2. Extending the deadline:
Although various proposals to extend and expand the credit have circulated in Congress for weeks, Senate lawmakers finally reached a deal in recent days. Under the terms of the agreement, the deadline for first-time home buyers to claim the $8,000 credit would be pushed back to April 30, 2010. But the term “deadline” doesn’t mean the same thing as it does in the current credit. The Senate agreement stipulates that buyers must have a sales contract on a house by April 30 to be eligible, but it gives them an additional 60 days to close the purchase. That’s much different from the current credit, in which transactions must be closed by November 30. Looked at one way, the effective deadline of the credit under this agreement is actually the end of June.

3. Existing buyers:
But perhaps the most significant change is that current homeowners would become eligible for the tax perk as well. The current credit prevents home buyers who have owned a primary residence within the past three years from claiming the credit. The agreement, however, would allow current homeowners to claim up to $6,500 as long as the property they are vacating has been their primary residence for at least five years. Expanding the credit beyond first-time buyers is intended to boost home sales to “move up” buyers—those moving from one house to another—which some lawmakers, most notably Georgia Republican Sen. Johnny Isakson, argue is essential to a housing recovery.

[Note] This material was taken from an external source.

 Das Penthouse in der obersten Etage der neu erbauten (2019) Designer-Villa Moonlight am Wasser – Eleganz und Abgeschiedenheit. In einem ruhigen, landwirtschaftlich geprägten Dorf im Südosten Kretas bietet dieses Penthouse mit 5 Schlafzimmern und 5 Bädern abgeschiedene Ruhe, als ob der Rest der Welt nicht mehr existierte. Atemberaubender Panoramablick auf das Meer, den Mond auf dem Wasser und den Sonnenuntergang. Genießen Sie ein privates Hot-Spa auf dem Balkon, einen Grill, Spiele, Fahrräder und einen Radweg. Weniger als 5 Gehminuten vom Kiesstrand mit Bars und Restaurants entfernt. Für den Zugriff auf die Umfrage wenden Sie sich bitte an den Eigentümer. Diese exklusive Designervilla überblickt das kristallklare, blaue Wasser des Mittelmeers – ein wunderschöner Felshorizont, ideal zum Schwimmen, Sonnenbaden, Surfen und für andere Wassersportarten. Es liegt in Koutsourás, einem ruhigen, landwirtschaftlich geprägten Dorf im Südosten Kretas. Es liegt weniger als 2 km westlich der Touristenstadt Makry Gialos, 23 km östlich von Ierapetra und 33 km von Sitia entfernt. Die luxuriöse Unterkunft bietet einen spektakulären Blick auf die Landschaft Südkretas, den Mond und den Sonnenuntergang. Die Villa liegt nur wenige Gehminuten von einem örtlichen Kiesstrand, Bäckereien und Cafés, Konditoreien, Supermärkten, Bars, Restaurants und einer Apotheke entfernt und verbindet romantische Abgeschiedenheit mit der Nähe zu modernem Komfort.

4. More-affluent home buyers:
The agreement also enables more affluent Americans to claim the tax credit. Senators moved to increase its annual income limits from $75,000 to $125,000 for single buyers and from $150,000 to $225,000 for married couples. These limits apply to both first-time and move-up buyers, although neither can purchase a home for more than $800,000 and still get the credit. Anyone taking the credit on a 2010 purchase can claim it on his or her 2009 tax return. And as long as home buyers live in the property they purchased via the credit for three years or more, the tax credit does not have to be repaid.

5. Credit controversy:
Zandi estimates that the Senate agreement would generate more home sales than the current credit would. “It’s broader, and the industry is geared up to take advantage of it now,” he says. But first-time home buyer tax credits have already cost the government more than $10 billion in lost revenue, and Zandi expects that the Senate agreement would cost at least as much. And although it’s been popular with those purchasing homes, some economists have called the credit an inefficient use of federal resources. Calculated Risk, a financial blog, has estimated that Uncle Sam has paid $43,000 for every additional home sale. And the Senate agreement—which enables households making more than $200,000 a year to claim the credit—could certainly appear overly generous in a time of trillion-dollar budget deficits.

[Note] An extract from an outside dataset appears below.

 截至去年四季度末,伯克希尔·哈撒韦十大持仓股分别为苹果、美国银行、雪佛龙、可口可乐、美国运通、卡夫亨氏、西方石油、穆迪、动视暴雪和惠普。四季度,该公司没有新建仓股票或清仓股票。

At the same time, the credit has recently been linked to widespread abuse. Russell George, the Treasury Department’s inspector general for tax administration, told a congressional panel last week that 19,300 taxpayers had claimed the first-time home buyer credit before they had even purchased a home. In another 74,000 cases—totaling more than $500 million—taxpayers claimed the credit despite evidence that they had owned a home within the past three years. And in at least one case, a 4-year-old claimed the credit, George said.

Although the agreement appears to have broad bipartisan support, it still has to get out of the chamber. Along the way, it could be stripped of certain generous provisions. But in light of the White House support, it appears all but certain that at the very least, the first-time home buyer tax credit will be extended beyond its November 30 deadline.  By Luke Mullins.